┌──
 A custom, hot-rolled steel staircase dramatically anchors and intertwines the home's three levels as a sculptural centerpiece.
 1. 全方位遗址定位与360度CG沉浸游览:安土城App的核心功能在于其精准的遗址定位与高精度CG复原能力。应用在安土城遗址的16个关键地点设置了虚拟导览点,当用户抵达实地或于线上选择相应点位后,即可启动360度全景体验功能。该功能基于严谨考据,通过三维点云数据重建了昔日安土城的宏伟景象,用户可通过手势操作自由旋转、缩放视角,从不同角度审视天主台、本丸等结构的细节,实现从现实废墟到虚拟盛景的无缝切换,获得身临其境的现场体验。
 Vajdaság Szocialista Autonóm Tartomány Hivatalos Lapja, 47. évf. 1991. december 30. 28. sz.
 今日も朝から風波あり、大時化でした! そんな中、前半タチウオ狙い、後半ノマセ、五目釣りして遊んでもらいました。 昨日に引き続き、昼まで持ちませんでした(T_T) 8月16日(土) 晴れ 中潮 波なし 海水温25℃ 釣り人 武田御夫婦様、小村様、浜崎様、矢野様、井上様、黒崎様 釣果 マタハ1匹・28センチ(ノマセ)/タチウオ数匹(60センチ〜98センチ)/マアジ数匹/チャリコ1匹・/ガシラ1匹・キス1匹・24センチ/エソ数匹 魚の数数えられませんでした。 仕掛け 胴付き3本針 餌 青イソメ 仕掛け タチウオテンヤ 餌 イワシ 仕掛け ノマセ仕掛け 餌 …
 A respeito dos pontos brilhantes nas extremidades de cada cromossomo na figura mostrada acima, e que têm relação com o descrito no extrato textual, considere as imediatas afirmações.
└──
- Exercise details
Reproduce the whole listing above, word for word.

- Answer below
 A custom, hot-rolled steel staircase dramatically anchors and intertwines the home's three levels as a sculptural centerpiece.
 1. 全方位遗址定位与360度CG沉浸游览:安土城App的核心功能在于其精准的遗址定位与高精度CG复原能力。应用在安土城遗址的16个关键地点设置了虚拟导览点,当用户抵达实地或于线上选择相应点位后,即可启动360度全景体验功能。该功能基于严谨考据,通过三维点云数据重建了昔日安土城的宏伟景象,用户可通过手势操作自由旋转、缩放视角,从不同角度审视天主台、本丸等结构的细节,实现从现实废墟到虚拟盛景的无缝切换,获得身临其境的现场体验。
 Vajdaság Szocialista Autonóm Tartomány Hivatalos Lapja, 47. évf. 1991. december 30. 28. sz.
 今日も朝から風波あり、大時化でした! そんな中、前半タチウオ狙い、後半ノマセ、五目釣りして遊んでもらいました。 昨日に引き続き、昼まで持ちませんでした(T_T) 8月16日(土) 晴れ 中潮 波なし 海水温25℃ 釣り人 武田御夫婦様、小村様、浜崎様、矢野様、井上様、黒崎様 釣果 マタハ1匹・28センチ(ノマセ)/タチウオ数匹(60センチ〜98センチ)/マアジ数匹/チャリコ1匹・/ガシラ1匹・キス1匹・24センチ/エソ数匹 魚の数数えられませんでした。 仕掛け 胴付き3本針 餌 青イソメ 仕掛け タチウオテンヤ 餌 イワシ 仕掛け ノマセ仕掛け 餌 …
 A respeito dos pontos brilhantes nas extremidades de cada cromossomo na figura mostrada acima, e que têm relação com o descrito no extrato textual, considere as imediatas afirmações.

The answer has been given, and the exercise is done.